Buzzwords come and go, but a few key terms in the identity management space are worth knowing:
- Access management: Access management refers to the processes and technologies used to control and monitor network access. Access management features, such as authentication, authorization, trust and security auditing, are part and parcel of the top ID management systems for both on-premise and cloud-based systems.
- Active Directory (AD): Microsoft developed AD as a user-identity directory service for Windows domain networks. Though proprietary, AD is included in the Windows Server operating system and is thus widely deployed.
- Biometric authentication: A security process for authenticating users that relies upon the user’s unique characteristics. Biometric authentication technologies include fingerprint sensors, iris and retina scanning, and facial recognition.
- Context-aware network access control: Context-aware network access control is a policy-based method of granting access to network resources according to the current context of the user seeking access. For example, a user attempting to authenticate from an IP address that hasn’t been whitelisted would be blocked.
- Credential: An identifier employed by the user to gain access to a network such as the user’s password, public key infrastructure (PKI) certificate, or biometric information (fingerprint, iris scan).
- De-provisioning: The process of removing an identity from an ID repository and terminating access privileges.
- Digital identity: The ID itself, including the description of the user and his/her/its access privileges. (“Its” because an endpoint, such as a laptop or smartphone, can have its own digital identity.)
- Entitlement: The set of attributes that specify the access rights and privileges of an authenticated security principal.
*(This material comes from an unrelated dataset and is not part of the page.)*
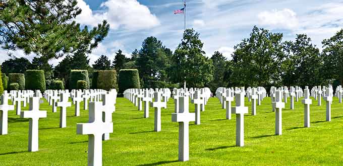 Drive to Port en Bessin for lunch before heading to Colleville Saint Laurent for a stop at the American Cemetery where more than 9,000 marble crosses stand aligned in an impressive site overlooking Omaha Beach. A memorial, inscribed with a map of the operations and preceded by a pool, stands in the central alley surrounded by trees. Drive to Pointe du Hoc, which was heavily fortified by the Germans to serve as an observation post. During D-Day, American troops climbed the cliffs with rope ladders. After witnessing part of World War II, reboard your coach for the return drive to Le Havre.

- Identity as a Service (IDaaS): Cloud-based IDaaS offers identity and access management functionality to an organization’s systems that reside on-premises and/or in the cloud.
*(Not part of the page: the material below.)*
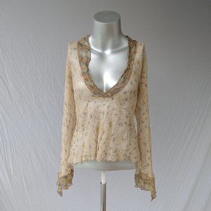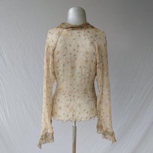 really lovely! good preowned condition. 100% silk. very light, flowy and sheer.
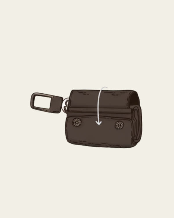 Close the snap buttons securely to keep everything compact. Clip the keychain to your bag, keys, or belt loop — ready for your next errand.

- Identity lifecycle management: Similar to access lifecycle management, the term refers to the entire set of processes and technologies for maintaining and updating digital identities. Identity lifecycle management includes identity synchronization, provisioning, de-provisioning, and the ongoing management of user attributes, credentials and entitlements.
- Identity synchronization: The process of ensuring that multiple identity stores—say, the result of an acquisition—contain consistent data for a given digital ID.
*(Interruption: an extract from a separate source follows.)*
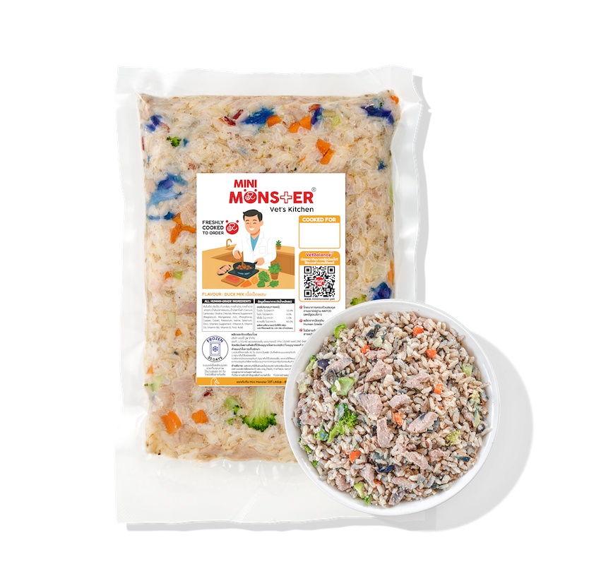 ส่วนผสม : สันในเป็ด, ตับเป็ด, ข้าวกล้อง, กะหล่ำม่วง, กะหล่ำม่วง, แครอท, น้ำมันปลาแซลมอน, น้ำมันคาโนล่า, แคลเซียมคาร์บอเนต, VitaminPremix, MineralPremix, Choline Chloride 60%

- Lightweight Directory Access Protocol (LDAP): LDAP is open standards-based protocol for managing and accessing a distributed directory service, such as Microsoft’s AD
- Multi-factor authentication (MFA): MFA is when more than just a single factor, such as a user name and password, is required for authentication to a network or system. At least one additional step is also required, such as receiving a code sent via SMS to a smartphone, inserting a smart card or USB stick, or satisfying a biometric authentication requirement, such as a fingerprint scan.
- Password reset: In this context, it’s a feature of an ID management system that allows users to re-establish their own passwords, relieving the administrators of the job and cutting support calls. The reset application is often accessed by the user through a browser. The application asks for a secret word or a set of questions to verify the user’s identity.
- Provisioning: The process of creating identities, defining their access privileges and adding them to an ID repository.
- Risk-based authentication (RBA): Risk-based authentication dynamically adjusts authentication requirements based on the user’s situation at the moment authentication is attempted. For example, when users attempt to authenticate from a geographic location or IP address not previously associated with them, those users may face additional authentication requirements.
- Security principal: A digital identity with one or more credentials that can be authenticated and authorized to interact with the network.
- User behavior analytics (UBA): UBA technologies examine patterns of user behavior and automatically apply algorithms and analysis to detect important anomalies that may indicate potential security threats. UBA differs from other security technologies, which focus on tracking devices or security events. UBA is also sometimes grouped with entity behavior analytics and known as UEBA.